● **Exercise**: Below this line is a listing that includes pictures. Copy exactly, and only, the lines from the one containing "Black Friday Deals!" through the one containing "I had Mac bowl"; the pictures do not go in the copy.

● **Given information**:
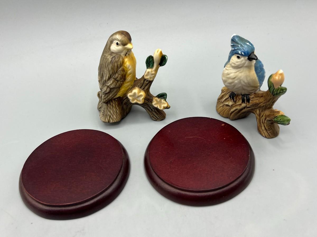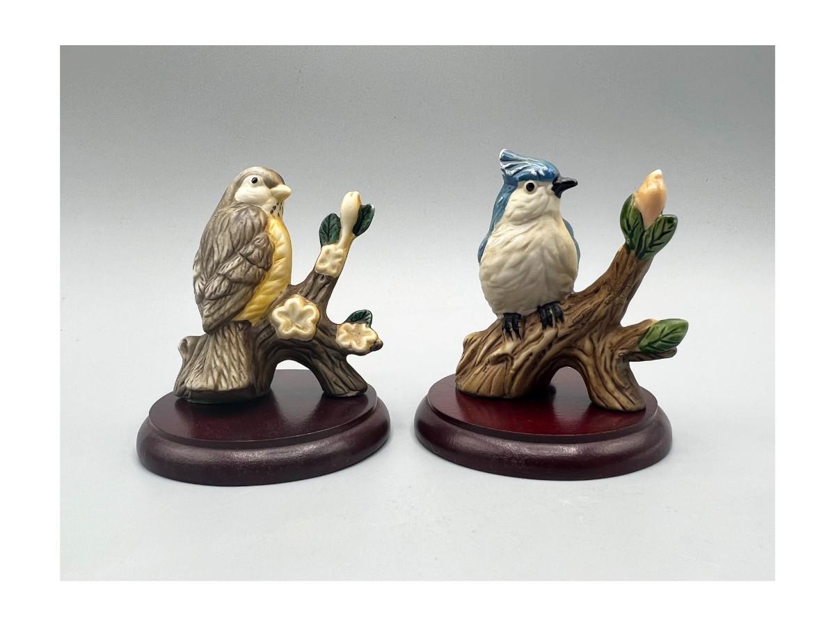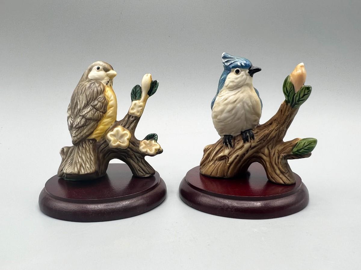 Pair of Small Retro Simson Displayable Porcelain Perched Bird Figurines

--

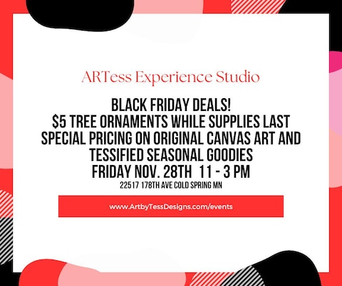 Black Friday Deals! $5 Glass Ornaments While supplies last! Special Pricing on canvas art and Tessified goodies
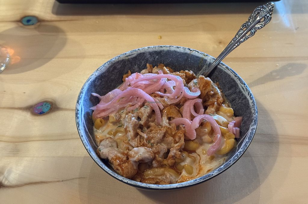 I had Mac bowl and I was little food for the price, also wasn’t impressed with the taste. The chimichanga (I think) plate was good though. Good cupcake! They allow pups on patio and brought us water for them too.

---

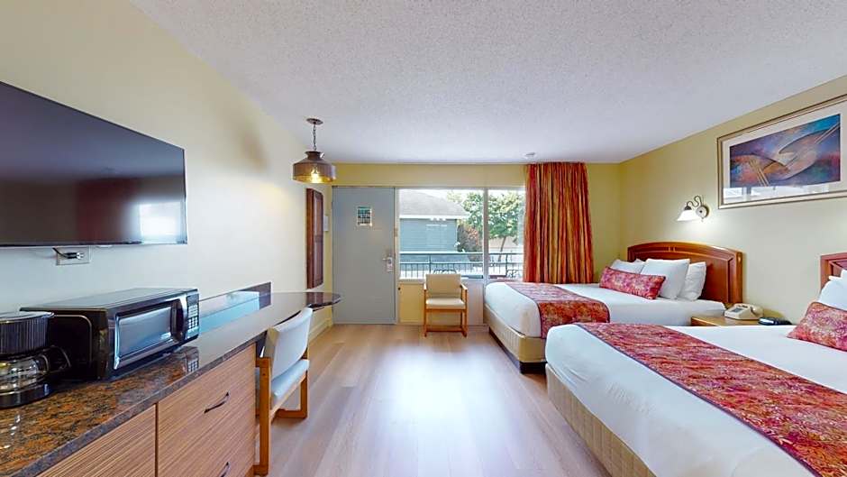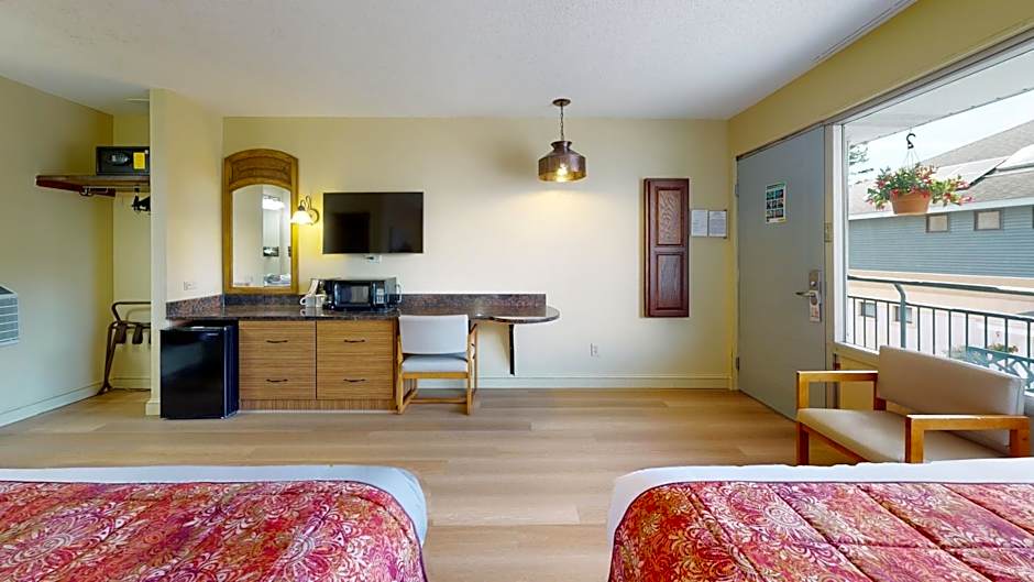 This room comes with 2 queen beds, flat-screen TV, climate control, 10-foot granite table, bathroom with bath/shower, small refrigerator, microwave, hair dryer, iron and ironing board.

● **Response area**:
 Black Friday Deals! $5 Glass Ornaments While supplies last! Special Pricing on canvas art and Tessified goodies
 I had Mac bowl and I was little food for the price, also wasn’t impressed with the taste. The chimichanga (I think) plate was good though. Good cupcake! They allow pups on patio and brought us water for them too.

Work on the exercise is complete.